Exercise prompt: Return each line of the listing exactly, though without its images.

Data excerpt:
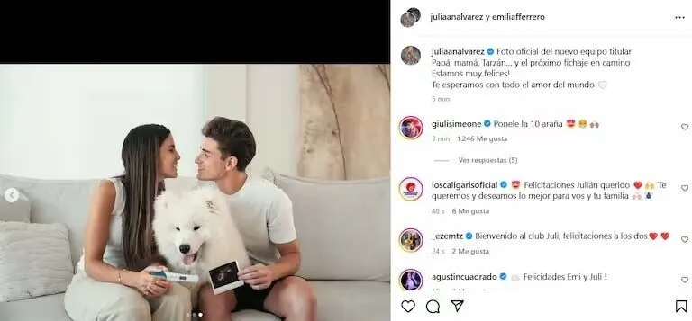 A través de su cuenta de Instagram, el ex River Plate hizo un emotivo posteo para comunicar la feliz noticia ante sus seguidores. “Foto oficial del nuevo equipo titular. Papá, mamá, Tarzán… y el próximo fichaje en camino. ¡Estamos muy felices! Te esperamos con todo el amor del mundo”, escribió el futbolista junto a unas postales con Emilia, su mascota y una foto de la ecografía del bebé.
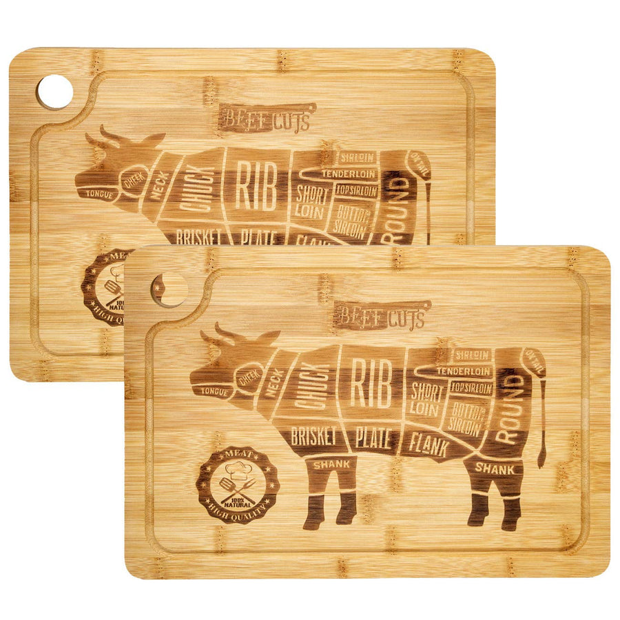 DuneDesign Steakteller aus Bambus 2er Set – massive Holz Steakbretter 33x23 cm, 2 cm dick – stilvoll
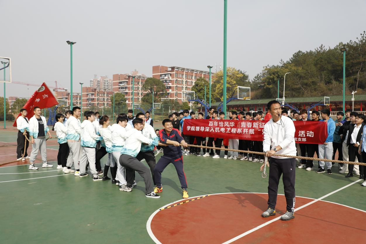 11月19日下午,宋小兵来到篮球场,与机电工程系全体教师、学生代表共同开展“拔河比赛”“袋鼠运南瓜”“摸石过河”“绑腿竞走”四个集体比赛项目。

Exercise solution:
 A través de su cuenta de Instagram, el ex River Plate hizo un emotivo posteo para comunicar la feliz noticia ante sus seguidores. “Foto oficial del nuevo equipo titular. Papá, mamá, Tarzán… y el próximo fichaje en camino. ¡Estamos muy felices! Te esperamos con todo el amor del mundo”, escribió el futbolista junto a unas postales con Emilia, su mascota y una foto de la ecografía del bebé.
 DuneDesign Steakteller aus Bambus 2er Set – massive Holz Steakbretter 33x23 cm, 2 cm dick – stilvoll
 11月19日下午,宋小兵来到篮球场,与机电工程系全体教师、学生代表共同开展“拔河比赛”“袋鼠运南瓜”“摸石过河”“绑腿竞走”四个集体比赛项目。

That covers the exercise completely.